* [WORK INSTRUCTION]: Among the lines of the listing below, retype exactly those from the one containing "Natural Life Car" through the one containing "Приготовление коктейля Лонг-Айленд", both included. Do not include pictures.

-- EXERCISE DATA follows --

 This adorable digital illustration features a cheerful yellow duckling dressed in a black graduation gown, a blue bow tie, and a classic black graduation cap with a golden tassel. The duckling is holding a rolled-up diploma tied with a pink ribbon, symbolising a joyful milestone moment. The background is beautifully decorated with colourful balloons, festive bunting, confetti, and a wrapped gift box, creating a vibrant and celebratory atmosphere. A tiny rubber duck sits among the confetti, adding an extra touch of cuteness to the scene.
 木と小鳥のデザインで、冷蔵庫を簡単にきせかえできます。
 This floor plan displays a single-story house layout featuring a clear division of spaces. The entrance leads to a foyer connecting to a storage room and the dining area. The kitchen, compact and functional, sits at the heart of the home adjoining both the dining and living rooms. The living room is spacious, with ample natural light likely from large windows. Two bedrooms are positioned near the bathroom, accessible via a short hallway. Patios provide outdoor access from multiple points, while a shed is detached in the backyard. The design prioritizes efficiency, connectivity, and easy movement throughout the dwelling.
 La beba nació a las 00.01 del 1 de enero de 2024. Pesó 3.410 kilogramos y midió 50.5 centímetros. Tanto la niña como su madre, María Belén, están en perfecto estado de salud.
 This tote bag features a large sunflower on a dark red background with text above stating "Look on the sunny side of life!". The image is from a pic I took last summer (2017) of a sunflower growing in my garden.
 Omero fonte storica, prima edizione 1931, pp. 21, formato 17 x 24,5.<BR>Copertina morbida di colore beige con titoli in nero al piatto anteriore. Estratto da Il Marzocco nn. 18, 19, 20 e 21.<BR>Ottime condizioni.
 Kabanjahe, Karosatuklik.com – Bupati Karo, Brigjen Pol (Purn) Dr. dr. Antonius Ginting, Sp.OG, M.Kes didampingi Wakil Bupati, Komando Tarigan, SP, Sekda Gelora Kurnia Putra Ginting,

-- EXERCISE DATA concluded --
-- EXERCISE DATA follows --

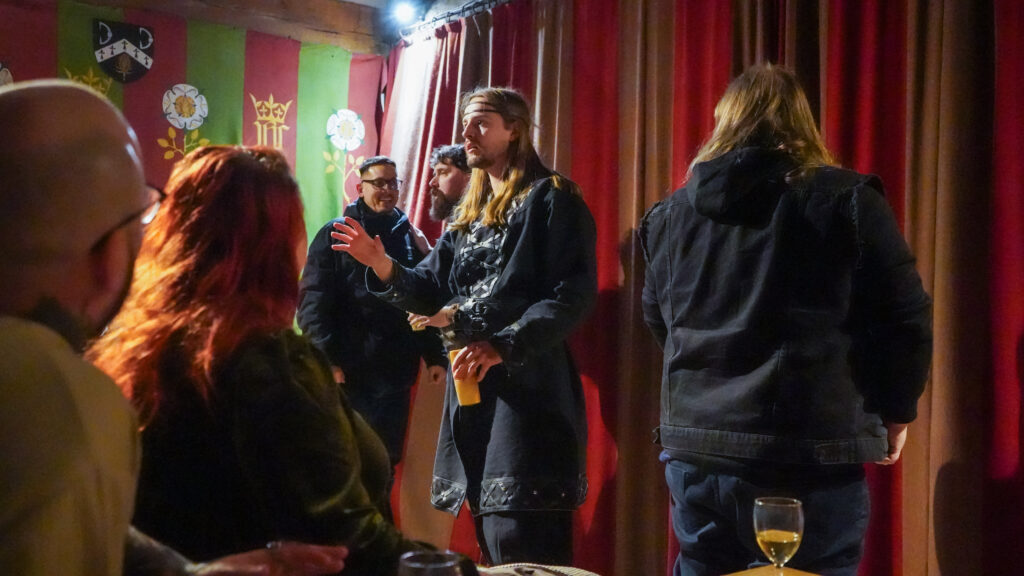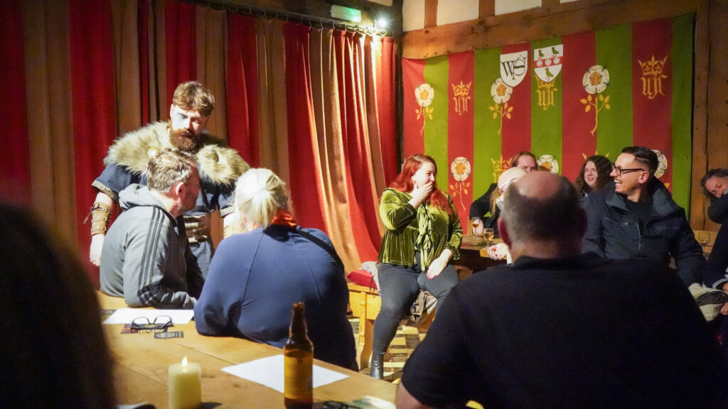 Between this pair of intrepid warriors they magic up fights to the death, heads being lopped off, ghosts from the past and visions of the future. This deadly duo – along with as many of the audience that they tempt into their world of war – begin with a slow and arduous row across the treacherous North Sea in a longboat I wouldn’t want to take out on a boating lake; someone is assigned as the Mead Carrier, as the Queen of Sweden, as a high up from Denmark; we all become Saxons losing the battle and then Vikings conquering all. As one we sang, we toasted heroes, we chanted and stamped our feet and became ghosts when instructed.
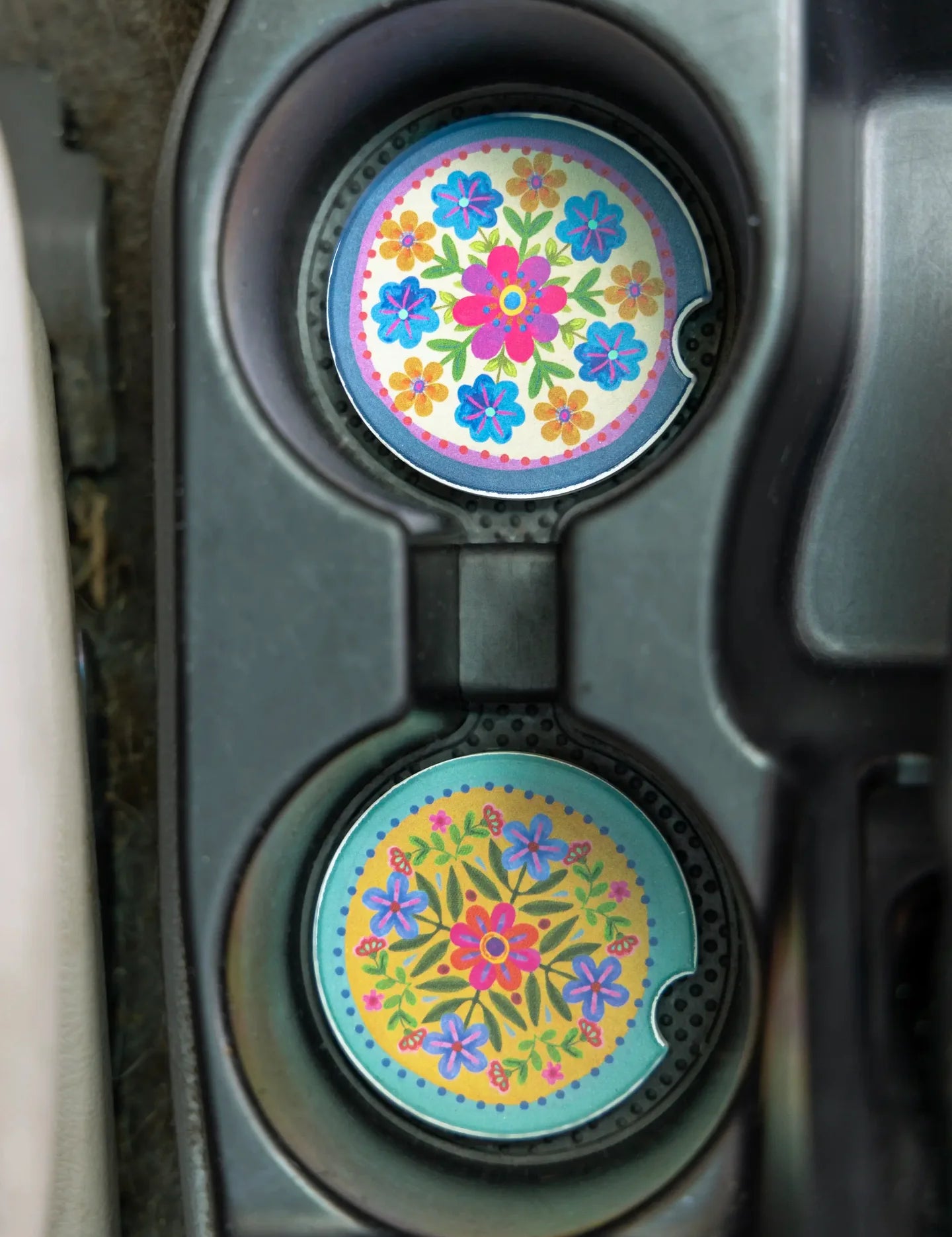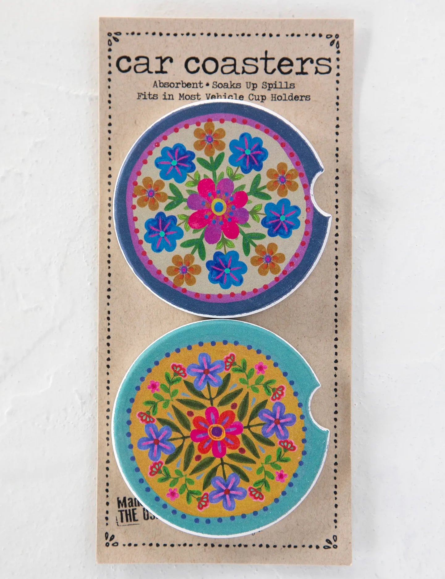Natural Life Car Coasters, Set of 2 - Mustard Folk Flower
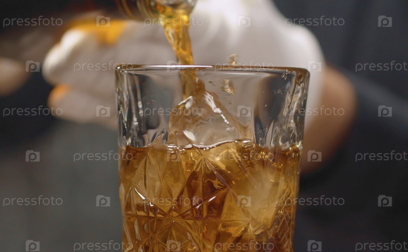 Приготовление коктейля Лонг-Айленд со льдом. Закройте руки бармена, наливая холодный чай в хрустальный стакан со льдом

-- EXERCISE DATA concluded --

* [YOUR SOLUTION]:
Natural Life Car Coasters, Set of 2 - Mustard Folk Flower
 Приготовление коктейля Лонг-Айленд со льдом. Закройте руки бармена, наливая холодный чай в хрустальный стакан со льдом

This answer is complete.